- [Problem requirements] Exclude pictures and give again exactly the lines of the listing, beginning with its first line and ending with the one that contains "Description: A costume".

- [Data excerpt]
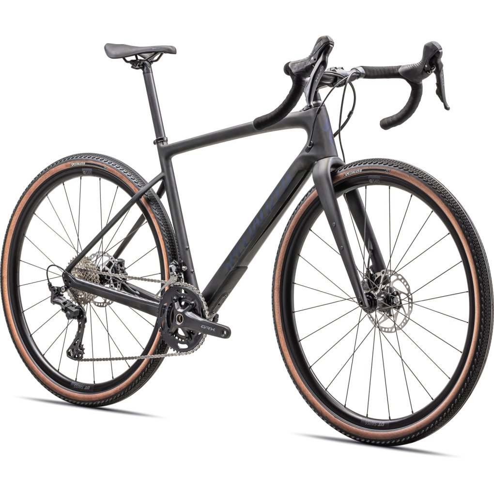 Specialized Bikes ▶ Carbon gravel bike with Shimano GRX 2×12-speed drivetrain & Future Shock carbon fork. ▶ Model: satin carbon / blue onyx
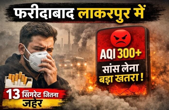Faridabad’s Lakarpur village is facing severe air pollution as the AQI crosses 300, placing it in the hazardous category. High PM2.5 and PM10 levels have made breathing equivalent to smoking over 13 cigarettes a day. The rising Faridabad AQI highlights the urgent need for pollution control measures across NCR India to protect public health.
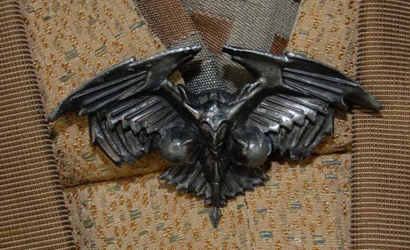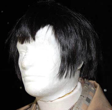 Description: A costume featured in the tenth Star Trek feature film “Nemesis”. These are the robes of a member of the Romulan Star Empire Senate, it is composed of a gorgeous gold under robe with long sleeves that zip to fit at the cuff, have a slit up the legs, and features interior collars to appear more flush in the same multi-colored square style as the Romulan fleet uniforms from the same movie. The outer robe is made of a subdued gold fabric featuring thin, black, pinstripes, a metallic-copper interior lining with elbow length, kimono-inspired bell-sleeves, and an open front that has matching tassels sewn on. All of this goes over a sage-colored dickie with white dots that ties up the back and features a Mandarin style collar. This costume includes a dark-gray, resin cast, pin-backed Romulan senator’s badge, a black, Romulan--style wig and extra pair of shoulder pads. All three garments have a pinned in tag that reads ‘Jonathan Engle’ This elaborate piece is made to provoke the most austere appearance in its wearer.
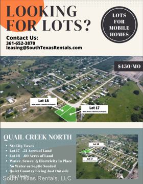 Where Comfort Meets Community - Welcome to Quail Creek North, a charming mobile home community, that offers the perfect blend of comfort, convenience, and community spirit. Nestled in a serene location, Quail Creek North is the ideal place to put down roots and call home. With a variety of available options, we have a lot that suits your needs. Our affordable leasing options start at just $450 per month, with water, sewer, and electricity hook-up included. Whether you're looking for a cozy space for yourself or a spacious lot for your family, Quail Creek North has something for everyone. Embrace the opportunity to lease a lot in our community and create lasting memories. Come and discover the inviting atmosphere and affordability of Quail Creek North today!

- [Exercise response]
 Specialized Bikes ▶ Carbon gravel bike with Shimano GRX 2×12-speed drivetrain & Future Shock carbon fork. ▶ Model: satin carbon / blue onyx
Faridabad’s Lakarpur village is facing severe air pollution as the AQI crosses 300, placing it in the hazardous category. High PM2.5 and PM10 levels have made breathing equivalent to smoking over 13 cigarettes a day. The rising Faridabad AQI highlights the urgent need for pollution control measures across NCR India to protect public health.
 Description: A costume featured in the tenth Star Trek feature film “Nemesis”. These are the robes of a member of the Romulan Star Empire Senate, it is composed of a gorgeous gold under robe with long sleeves that zip to fit at the cuff, have a slit up the legs, and features interior collars to appear more flush in the same multi-colored square style as the Romulan fleet uniforms from the same movie. The outer robe is made of a subdued gold fabric featuring thin, black, pinstripes, a metallic-copper interior lining with elbow length, kimono-inspired bell-sleeves, and an open front that has matching tassels sewn on. All of this goes over a sage-colored dickie with white dots that ties up the back and features a Mandarin style collar. This costume includes a dark-gray, resin cast, pin-backed Romulan senator’s badge, a black, Romulan--style wig and extra pair of shoulder pads. All three garments have a pinned in tag that reads ‘Jonathan Engle’ This elaborate piece is made to provoke the most austere appearance in its wearer.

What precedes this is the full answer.